Кнок, Жану, который берет ящик. Осторожнее с этим ящиком. У меня там уложены хрупкие аппараты.


Жан начинает громоздить чемоданы Кнока.


Г-жа Парпале. Вот Торпедо, о котором я бы потом долго жалела, если бы мы имели глупость его продать.


Кнок удивленно смотрит на машину.


Доктор. Потому что, в конце концов, этот Торпедо сохранил все преимущества старого большого фаэтона.

Кнок. Да, да.


Вся скамья передка исчезает под грудой багажа.


Доктор. Глядите, как удобно разместились ваши чемоданы. Они нисколько не стесняют Жана. Жалко даже, что у вас нет больше багажа. Вы бы тогда лучше убедились в удобстве моей машины.

Кнок. Далеко отсюда до Сен Мориса?

Доктор. Одиннадцать километров. Заметьте, что такая отдаленность от железной дороги очень хороша для сохранения пациентов. Больные не выкидывают таких штук, чтобы ездить за консультацией в центр.

Кнок. Разве не ходит дилижанс?

Доктор. Ветхая колымага, вызывающая охоту идти пешком.

Г-жа Парпале.
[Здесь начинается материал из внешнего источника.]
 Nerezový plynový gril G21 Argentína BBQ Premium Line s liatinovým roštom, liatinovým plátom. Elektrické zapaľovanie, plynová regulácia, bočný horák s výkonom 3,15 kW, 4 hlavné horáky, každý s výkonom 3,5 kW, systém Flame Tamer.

Здесь невозможно обойтись без автомобиля.

Доктор. Особенно при нашей профессии.


Кнок вежливо хранит молчание.


Жан. Можно пускать в ход?

Доктор. Да, начинайте пускать его в ход, мой друг.
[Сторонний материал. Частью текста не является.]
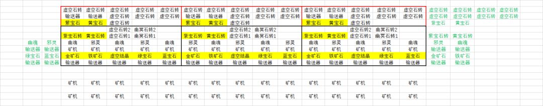 收取紫宝石,黄宝石,虚空石,理论2.4万回合后两个虚空石中转箱满,但幽冥石中转箱还是可以消耗多余的魔能,只会有虚空石开始在矿机内堆积,4.2万回合后堆满矿机,实在超了也没事,只要矿机不爆满机组还在运行,收走中转箱内虚空石,矿机内的虚空石也会被快速转移到中转箱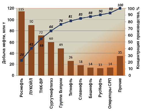 принадлежит аффилированным сервисным структурам пяти нефтяных компаний, еще 18%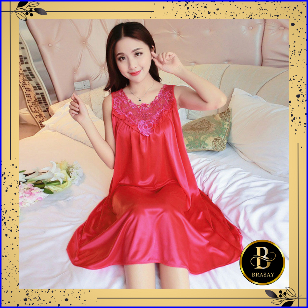 Brasay Baju Tidur Pakaian Wanita Lingerie Dress Wanita Bahan Sutra 4002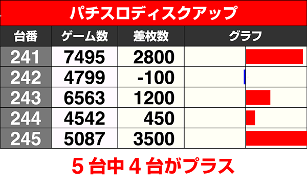 『パチスロディスクアップ』は設置されている5台のうち4台がプラス。平均ゲーム数は5697Gであった。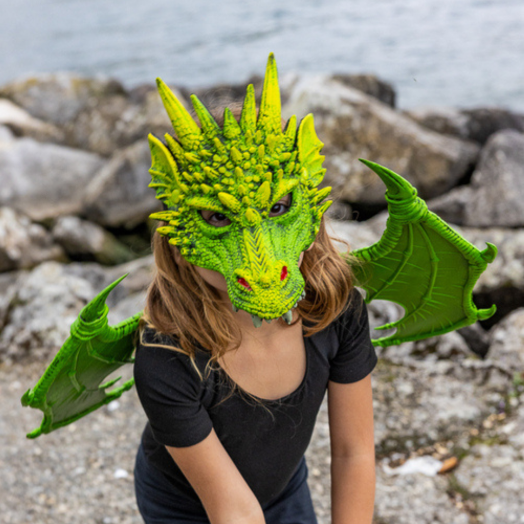 This mask, made of high-quality rubberized foam, is both long-lasting and comfortable. The rubbery texture adds another depth of authenticity to the design, making it seem like genuine dragon scales. The brilliant green colour is eye-catching and can help your youngster stand out in any costume contest or play setting.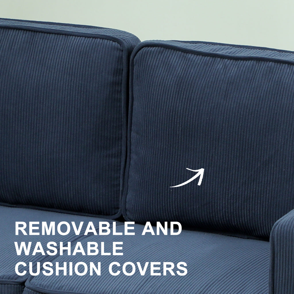 Style and storage, in sofa from with this piece. Lift the seat to reveal a 95 x 46.5cm compartment: suitable for blankets, pillows, books, or any other items you want to easy access to. Upholstered in forever-stylish corduroy, this lounge sofa is filled with high-density sponge for firm comfort. Complete with wooden legs for plenty of stable support.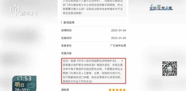 其次,自己也曾在广东省林业局官方留言板上提出问询,当地林业局的答复是:饲养北美赤狐不需要在林业主管部门办理人工繁育、出售、收购等行政许可。

Жан предпринимает целый ряд манипуляций: снимает чехол с мотора, отвинчивает свечи, накачивает бензин и т. п.


Г-жа Парпале, Кноку. Пейзаж всю дорогу восхитительный. Зинаида Флерио описала его в одном из своих романов, название которого я забыла. (Садится в автомобиль. Мужу). Ты устроишься на откидном сиденье, не правда ли? Доктор Кнок займет место рядом со мной, чтобы лучше любоваться видом.
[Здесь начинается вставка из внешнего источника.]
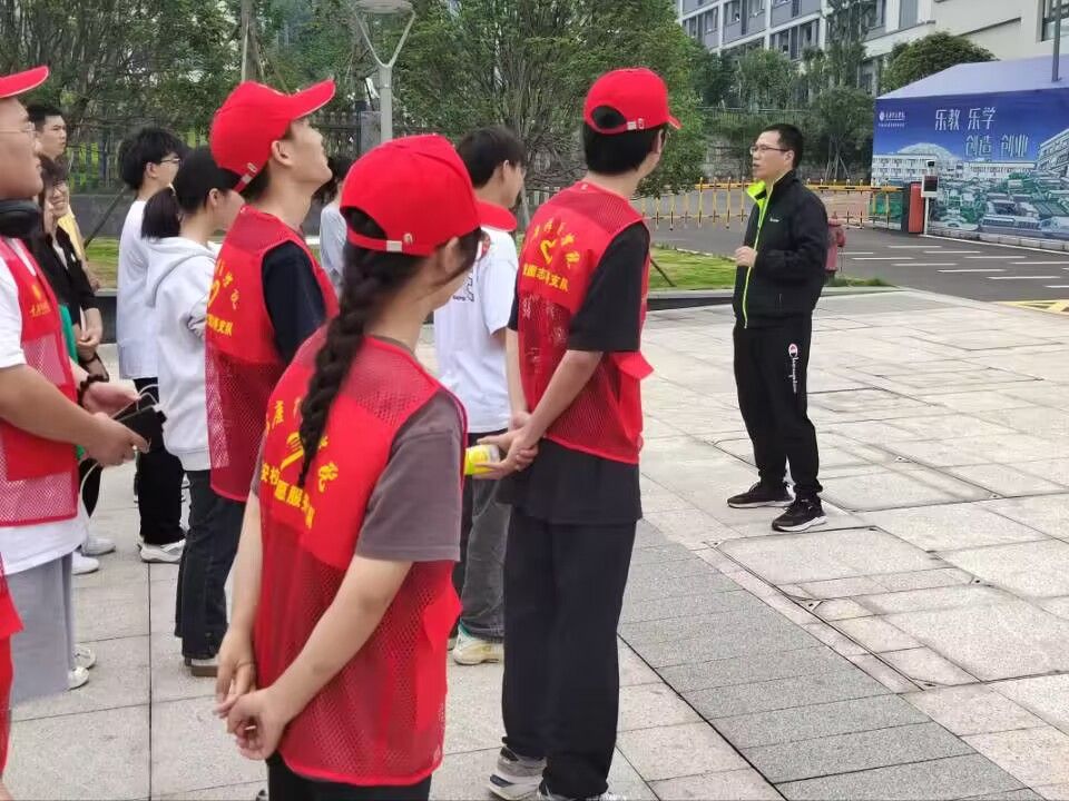 当日14:00,参观学子于綦江校区2号门前集合,他们身着志愿服装,细心聆听活动负责人讲述活动要求和记录,并在号令下整齐地向观摩地进发。

Кнок садится слева от г-жи Парпале.


Доктор. Машина такая вместительная, что можно сидеть с удобством втроем на заднем диване. Но, чтобы насладиться панорамой, следует разместиться просторнее. (Подходит к Жану). Все в порядке? Кончили наливать бензин? В оба резервуара? Не забыли немного прочистить свечи? Это не лишнее после переезда в одиннадцать километров. Хорошенько заверните карбюратор. Старый фуляр был бы лучше этой тряпки. (Возвращается обратно). Прекрасно! Прекрасно! (Садится в автомобиль). Я хочу сесть — простите, дорогой коллега я хочу сесть на это широкое откидное сиденье, или, лучше сказать, складное кресло.

Г-жа Парпале. Дорога поднимается вверх до самого Сен Мориса. Идти пешком со всеми этими вещами было бы ужасно. Но переезд в автомобиле — одно очарованье.

Доктор. Было время, дорогой коллега, когда мне случалось заигрывать с музой. Я написал сонет в четырнадцать строк, посвященный красотам природы, которые сейчас нам откроются. Черт меня побери, если я его еще помню.

«О, глубина долин, пастушеский приют…»

Г-жа Парпале. Альберт, за последние годы ты упорно повторяешь: «глубина долин». Раньше у тебя было: «О, пропасти долин».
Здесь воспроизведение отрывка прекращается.